Estate planning is a critical process designed to designate and distribute a person’s assets upon their death, among other things. A Houston estate plan documents a person’s wishes if they become incapacitated or die and specifies who will effectuate the deceased’s wishes. These plans usually involve drafting wills and trusts, designating powers of attorneys and medical decision-makers, and addressing insurance issues and tax implications. It is crucial that individuals seek an attorney’s assistance to determine the current and predicted state of the law and how it may impact their beneficiaries.
What is a Gift Tax?
One area of estate planning that is currently under scrutiny is the federal gift tax. A gift tax is a tax on the transfer of wealth from one individual to another, when the gift is made during the gifter’s lifetime.
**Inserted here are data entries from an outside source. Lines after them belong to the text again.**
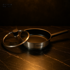 The Alpenberg Stainless Steel Fry Pan with Glass Lid (22x5 cm) combines durable stainless steel construction with a non-stick surface for efficient, easy cooking and cleaning. Its tempered glass lid allows you to monitor your food without losing heat or moisture, ensuring optimal cooking results. Designed for precision and longevity, this fry pan is ideal for expert chefs seeking reliable performance in everyday kitchen tasks.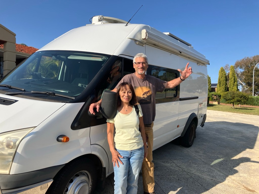 We quickly dumped our belongings in our given bedroom in Carel’s beautiful suburban house. Close by is a park where we went for a stroll to stretch the legs. Jamaliah has cramp in her leg because of her hernia and Rudy’s hip is continuously causing him trouble. We walked around like an old couple. Maybe that is what we are. The first encounter with the Australian outdoor life was relaxing. Many unknown trees and birds in the park. We also saw FREE gas barbecues and people using them for their evening meal. We spent 2 nights at Carel’s to get over the jet lag, do some shopping (food and SIM cards) and met Wouter, their youngest son with his wife and children who live close by.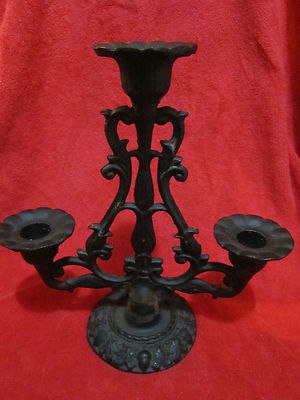Title (ebay affiliate link): Vintage Primitive Candleabra IRON Black Well Made sturdy Estate find a Must SEE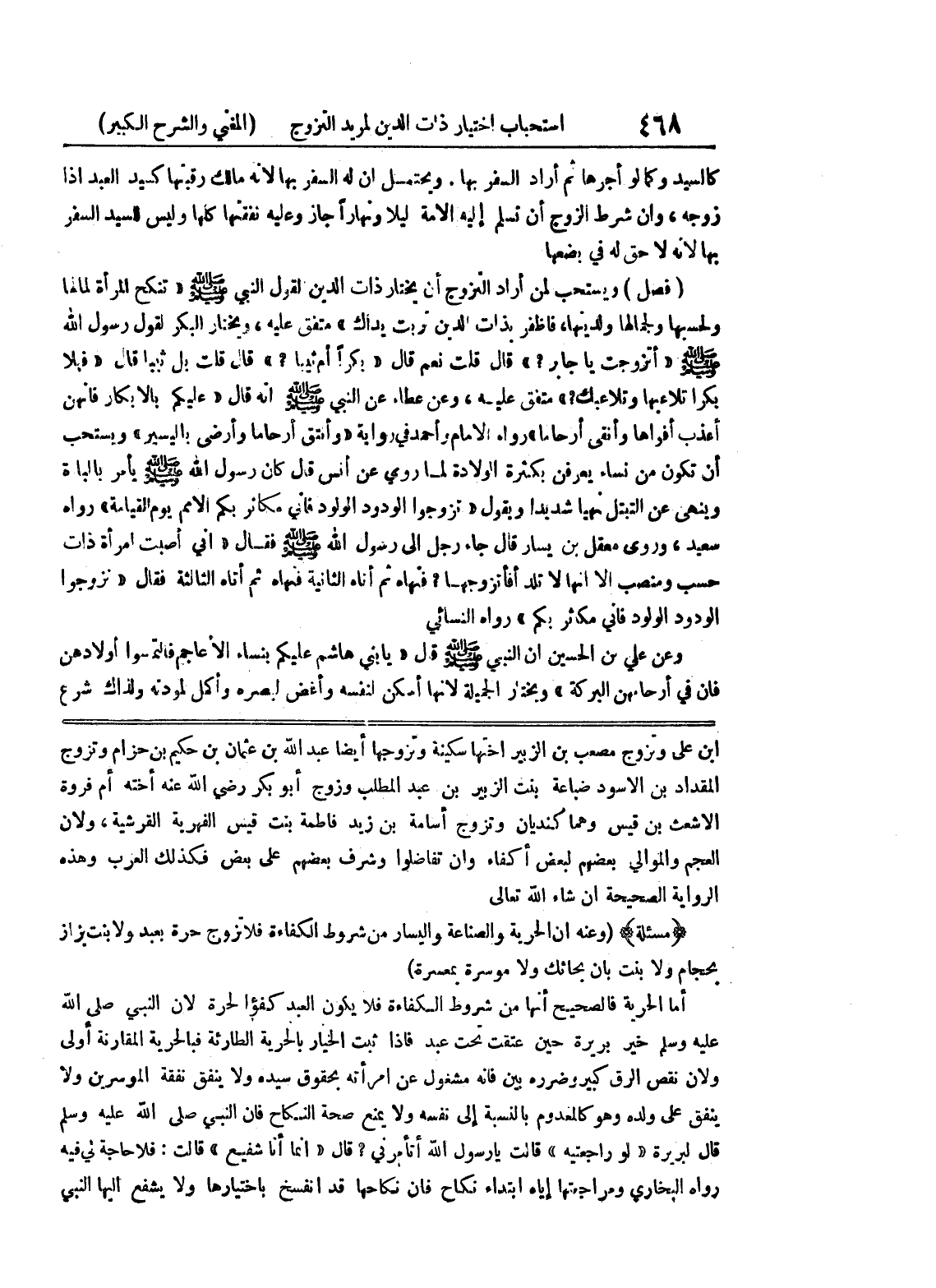 ابن علي وتزوج مصعب بن الزبير أختها سكينة وتزوجها أيضاً عبد الله بن عثمان بن حكيم بن حزام وتزوج المقداد بن الأسود ضباعة بنت الزبير بن عبد المطلب وزوج ابو بكر رضي الله عنه أخته أم فروة الأشعث بن قيس وهما كنديان وتزوج أسامة بن زيد فاطمة بنت قيس الفهرية القرشية، ولأن العجم والموالي بعضهم لبعض أكفاء وإن تفاضلوا وشرف بعضهم على بعض فكذلك العرب وهذه الرواية الصحيحة إن شاء الله تعالى (مسألة) (وعنه أن الحرية والصناعة واليسار من شروط الكفاءة فلا تزوج حرة بعبد ولا بنت بزاز بحجام ولا بنت بان بحائك ولا موسرة بمعسرة) أما الحرية فالصحيح أنها من شروط الكفاءة فلا يكون العبد كفؤا الحرة لأن النبي صلى الله عليه وسلم خير بريرة حين عتقت تحت عبد فإذا ثبت الخيار بالحرية الطارئة فبالحرية المقارنة أولى ولأن نقص الرق كبير وضرره بين فإنه مشغول عن امرأته بحقوق سيده ولا ينفق نفقة الموسرين ولا ينفق على ولده وهو كالمعدوم بالنسبة إلى نفسه ولا يمنع صحة النكاح فإن النبي صلى الله عليه وسلم قال لبريرة (لو راجعتيه) قالت يا رسول الله أتأمرني؟ قال (إنما أنا شفيع) قالت: فلا حاجة لي فيه رواه البخاري ومراجعتها إياه ابتداء نكاح فإن نكاحها قد انفسخ باختيارها ولا يشفع إليها النبي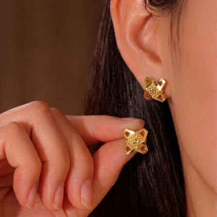 These small 21 carat gold tops stand out from the usual flower stud with a strong four point star or cross shape that has a more geometric, structured look. Each earring is built with four pointed arms extending from the center, with open square cutwork windows cut into each arm. The surface of the gold has a natural rough texture from the casting process, giving it a raw, organic finish that contrasts with the clean geometric shape.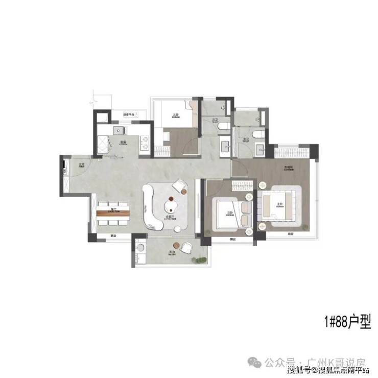 建面88平三房两卫;

In most cases, the person making the gift is responsible for paying the gift tax. The Internal Revenue Services (IRS) requires individuals to pay this tax if they give a gift to someone worth more than a specific amount. Currently, gifts made in excess of $15,000 reduce a person’s federal estate exemption when they die. For example, if a grandmother gifts her granddaughter $30,000 in a year, the first $15,000 is not taxable under the annual exclusion. However, after that, the remaining $15,000 counts against a person’s lifetime gift tax exemption and federal estate tax exemption.